Executed in a variety of materials, his work often represents fantastical, ‘biomorphic' shapes, taken from the study of women's bodies or more generally, the closeness of human relations, their physical and emotional proximities. Cárdenas also explored certain imagery relating to his ancestral and cultural heritage of West Africa, most notably the Dogon. He was commissioned to produce monumental sculptures in places as far apart as Canada, Austria, Japan, Israel and Korea; he is considered by some as one of the first creators of ‘site-specific' work due to the large-scale sculptures produced from the materials native to their site.
Throughout his career Cárdenas received many awards amongst which are the 1961 prize in sculpture from the Biennale de Paris and, for his service to art, the Order of Arts and Letters. He worked on numerous occasions with Martine Franck who photographed him in his Parisian studio and in different locations of work. Amongst his many solo exhibitions are those held at FIAC, Paris (1980-1984); the Museo de Bellas Artes, Caracas (1982); and the International Gallery, Chicago (1990).

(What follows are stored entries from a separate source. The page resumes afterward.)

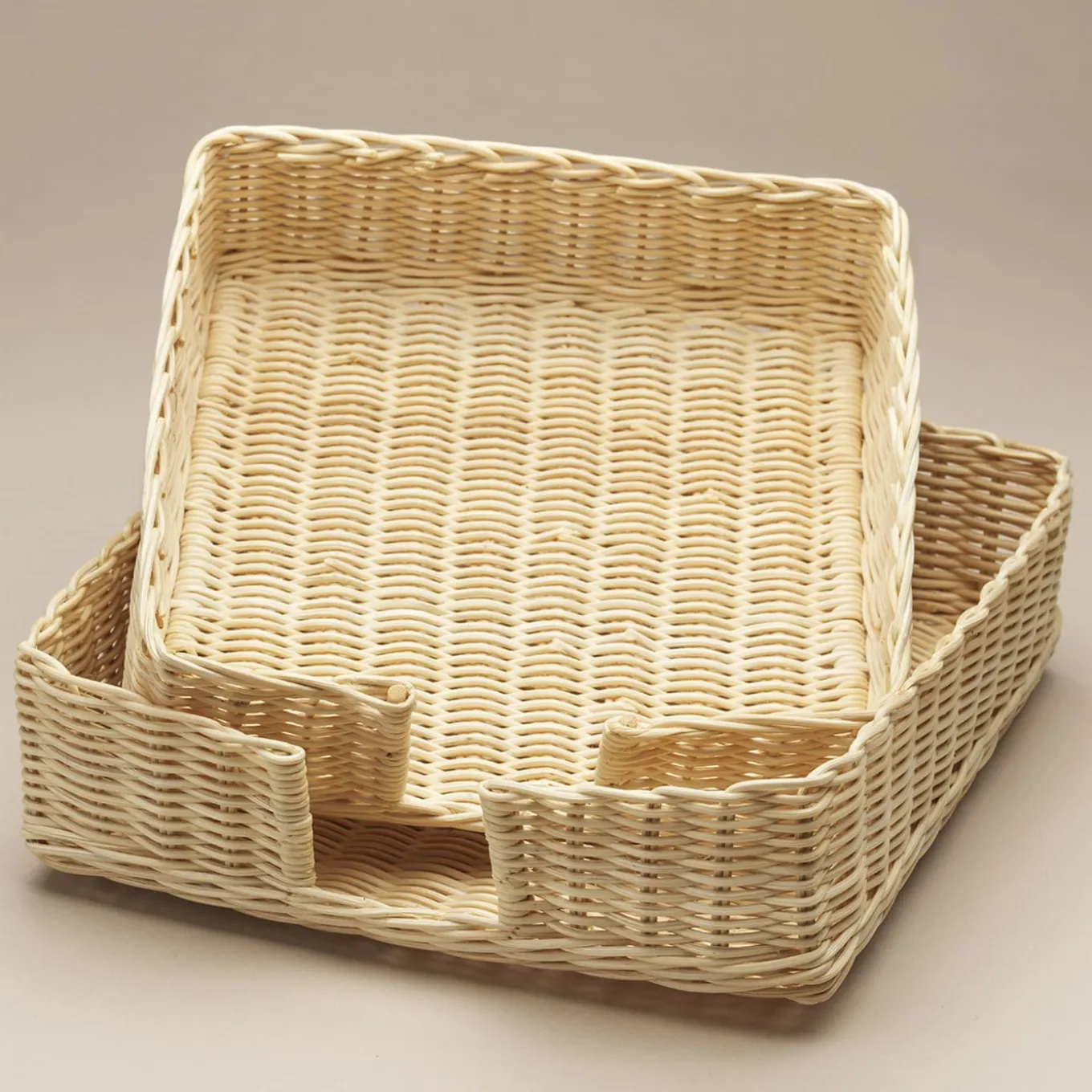 Linee pulite che delineano superbe e intricate trame di vimini definiscono l’estetica coinvolgente di questo cestino per tovaglioli della collezione Mies en Place, qui proposto in una variante più grande ma disponibile anche in una variante più piccola di 18,5 x 18,5 x H 5,5 cm. Un trattamento a base d’acqua permette di mantenere intatta la bellezza naturale delle canne, per un oggetto da tavola irrinunciabile che celebra l’artigianato e la natura al tempo stesso.
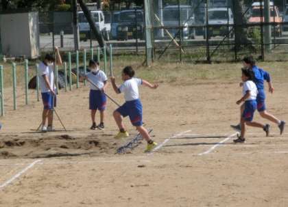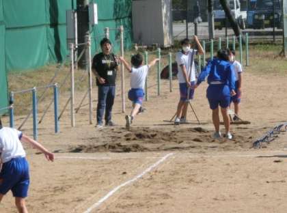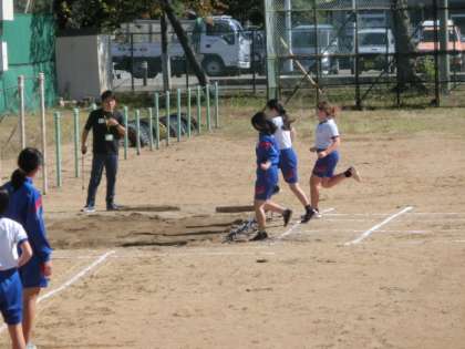 10月26日(水) 5年生 遠くにジャンプ! 公開日 2022/10/26 更新日 2022/10/26 学校の様子 5年生が体育で、走り幅跳びに挑戦しています。踏み切り足や助走距離などを工夫し、まずは調子よく跳べるよう練習しました。
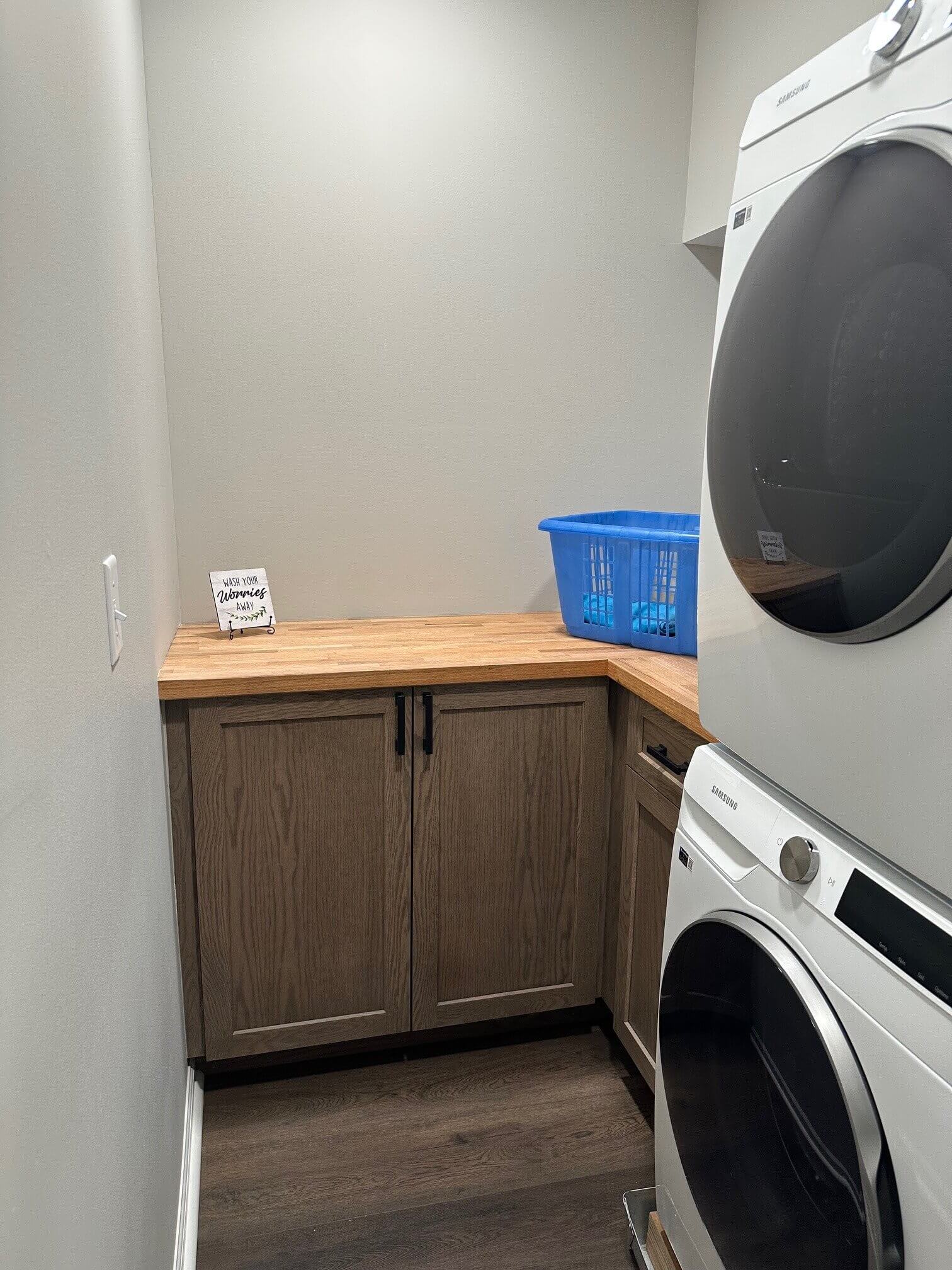 The back hall that was transformed into a small laundry room was a game-changer. It allowed Gwen to have a small stackable washer and dryer on the main living level without having to sacrifice the office in the spare bedroom. Additional base cabinets were used in the space for extra storage, and there is room for open shelving to be installed at a later date if needed. Plus, she still has the full size laundry set in the basement for larger loads like bedding and towels.
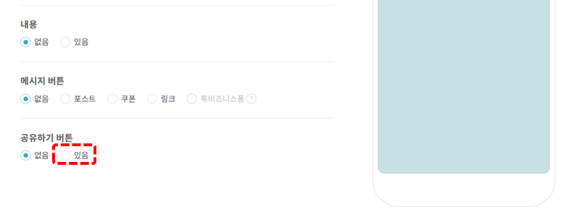 - 텍스트 2줄, 링크버튼 1개 삽입 가능(공유하기 제외)
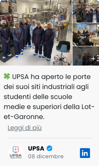 Per UPSA, scegliere il Made in France significa dimostrare che un modello diverso è possibile: quello di un’economia sostenibile e virtuosa, pensata per le generazioni future. Da oltre 90 anni, l’azienda produce i propri medicinali ad Agen, nel dipartimento del Lot-et-Garonne. Questo radicamento territoriale rappresenta la nostra unicità e si traduce in investimenti costanti nel sistema industriale, nelle attività di Ricerca & Sviluppo e nel valore dei nostri collaboratori.
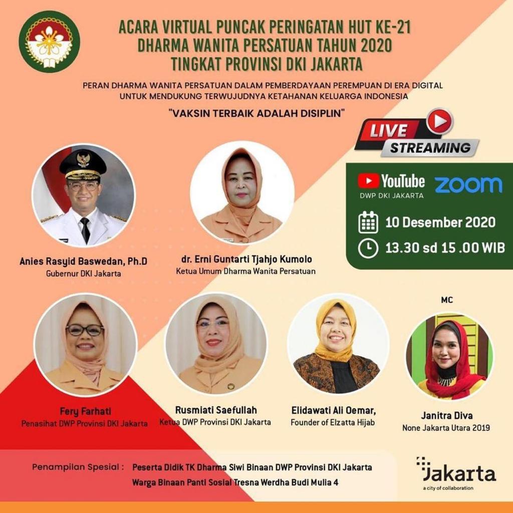 Sesuai dengan program kerja tahun 2020, DWP Provinsi DKI Jakarta telah menyelenggarakan acara puncak HUT ke – 21 Dharma Wanita Persatuan tahun 2020 secara virtual yang akan di hadiri oleh Gubernur, Wakil Gubernur, Ketua Umum DWP serta Penasihat DWP Provinsi DKI Jakarta.
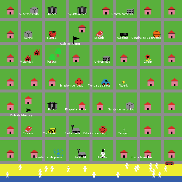 breed [people person] breed [labels label-turtle] breed [buses bus] turtles-own [ destination ] patches-own [ building-type is-road? ] to setup clear-all resize-world -30 30 -30 30 set-patch-size 10 setup-roads setup-buildings setup-labels setup-beach setup-people setup-bus reset-ticks end to setup-roads ask patches [ set pcolor green set is-road? false ] ;; Horizontal roads (every 8 rows) ask patches with [pycor mod 8 = 0] [ set pcolor gray set is-road? true ] ;; Vertical roads (every 8 columns) ask patches with [pxcor mod 8 = 0] [ set pcolor gray set is-road? true ] end to setup-buildings ;; North West Quadrant (x < 0, y > 0) draw-building -22 24 "Supermercado" "box" draw-building -30 24 "" "house" draw-building -30 16 "" "house" draw-building -30 8 "" "house" draw-building -30 0 "" "house" draw-building -22 0 "" "house" draw-building -16 0 "" "house" draw-building -24 16 "Garaje" "box" draw-building -16 24 "Banco" "bank" draw-building -8 14 "Calle de Jupiter" "flag" draw-building -16 8 "Parque" "tree" draw-building -8 8 "" "house" draw-building -14 10 "" "tree" draw-building -16 16 "Fruitería" "strawberry" draw-building -6 24 "Ayuntamiento" "government" draw-building -6 18 "" "house" draw-building -24 8 "Viviendas" "bungalo" draw-building -21 10 "" "bungalo" draw-building -7 0 "Estación de fuego" "fire" ;; North East Quadrant (x >= 0, y > 0) draw-building 10 24 "Centro comercial" "building" draw-building 2 8 "Universidad" "building" draw-building 8 16 "Autobus" "bus" draw-building 16 8 "Jardín" "flower" draw-building 24 8 "" "house" draw-building 8 8 "" "house" draw-building 17 0 "" "house" draw-building 25 0 "" "house" draw-building 19 16 "Cancha de Baloncesto" "basketball" draw-building 24 16 "" "house" draw-building 8 0 "Pizzería" "pizza" draw-building 0 16 "Escuela" "school" draw-building 2 24 "" "house" draw-building 16 24 "" "house" draw-building 24 24 "" "house" draw-building 2 0 "Tienda de carros" "car" ;; South East Quadrant (x >= 0, y <= 0) draw-building 10 -8 "Garaje de mecánico" "box" draw-building 1 -24 "Hospital" "person doctor" draw-building 16 -24 "El apartamentos" "house" draw-building 24 -24 "" "house" draw-building 24 -16 "" "house" draw-building 24 -8 "" "house" draw-building 8 -24 "" "house" draw-building 0 -8 "" "house" draw-building 1 -16 "Estación de fuego" "fire" draw-building 8 -16 "Templo" "temple" draw-building 16 -16 "" "house" draw-building 16 -8 "" "house" ;; South West Quadrant (x < 0, y <= 0) draw-building -16 -8 "Banco" "bank" draw-building -24 -6 "" "house" draw-building -30 -8 "" "house" draw-building -30 -16 "" "house" draw-building -30 -24 "" "house" draw-building -22 -24 "" "house" draw-building -8 -16 "Restaurante" "restaurant" draw-building -6 -24 "Taco Bell" "restaurant" draw-building -14 -24 "La estación de policía" "police" draw-building -24 -16 "Escuela" "school" draw-building -24 -10 "Calle de Mercury" "flag" ;; Placeholder road draw-building -16 -16 "Mansiones" "mansions" draw-building -6 -8 "El apartamentos" "house" end to draw-building [x y name building-shape] ask patches with [pxcor >= x and pxcor < x + 5 and pycor >= y and pycor < y + 5 and not is-road?] [ set pcolor green set building-type name ] create-labels 1 [ setxy x + 3 y + 3 set shape building-shape set label name set size 3 set color black set label-color white ] end to setup-labels ask labels [ set hidden? false ] end to setup-beach let beach-row min-pycor ask patches with [pycor = beach-row] [ set pcolor blue ] ask patches with [pycor = beach-row + 1] [ set pcolor blue ] ask patches with [pycor = beach-row + 2] [ set pcolor yellow ] ask patches with [pycor = beach-row + 3] [ set pcolor yellow ] ask patches with [pycor = beach-row + 4] [ set pcolor yellow ] ask patches with [pycor = beach-row + 5] [ set pcolor yellow ] end to setup-people create-people 20 [ let beach-patch one-of patches with [pcolor = yellow] if beach-patch != nobody [ setxy [pxcor] of beach-patch [pycor] of beach-patch ] set color white set shape "person" set size 2 set destination nobody ] end to setup-bus create-buses 2 [ ;; Create two buses let start-patch patch -24 -24 if start-patch != nobody [ setxy [pxcor] of start-patch [pycor] of start-patch set color red set shape "bus" set size 3 set heading 90 ] ] end to move-bus ask buses [ let next-patch patch-ahead 0.5 if next-patch != nobody and [is-road?] of next-patch [ fd 0.1 ] if next-patch = nobody or not [is-road?] of next-patch [ rt 90 ] ] end to go ask people [ if destination = nobody or distance destination < 1 [ let options patches with [building-type != "" and distance myself > 2] if any? options [ set destination one-of options ] ] if destination != nobody [ let target-x [pxcor] of destination let target-y [pycor] of destination let nearest-road min-one-of patches with [is-road?] [distancexy target-x target-y] if nearest-road != nobody [ face nearest-road rt random 10 - 5 ;; slight wobble let next-step patch-ahead 0.5 if next-step != nobody and [is-road?] of next-step [ fd 0.5 ] ] ] ] move-bus tick end
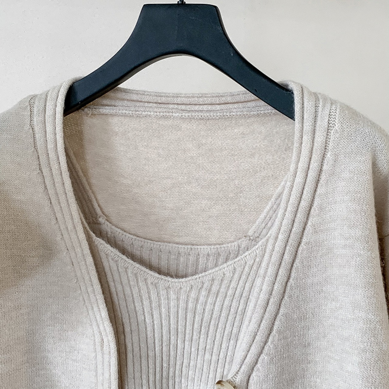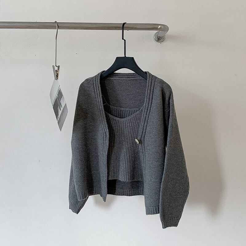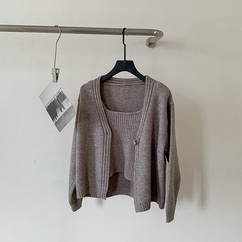 Nomikuma 因果無地セーターカーディガンコート 2022 秋の女性シングルボタンロングスリーブニット + ベーシックスリングベスト オータム 秋物 ソリッドカラー kor18408117351

His works also appear in many private and museum collections such as the Georges Pompidou Center, Paris; the Musée de Meuon, France; Fonds National d'art Contemporain, Paris; the Musée de Sculpture en plein air de la Ville de Paris; National Museum, Havana; Musées Royaux des Beaux-arts de Belgique, Brussels; the Museum of Modern Art, Caracas; Musée d'Art et d'Industrie, Saint-Etienne; Musée d'Ixelle, Begium; the Museum of Contemporary Art, Alger; the Museum of Contemporary Art, Montreal; the Museum of Modern Art, Tel Aviv; the Hakone Open Air Museum, Japan; the Utsukushi-ga-hara open-air Museum, Japan; the Muséo de Bellas Artes, Caracas; and the Musée d'Art Moderne de la Ville de Paris. Internationally recognised, the artist returned to Cuba in 1994 where he remained until his death in 2001.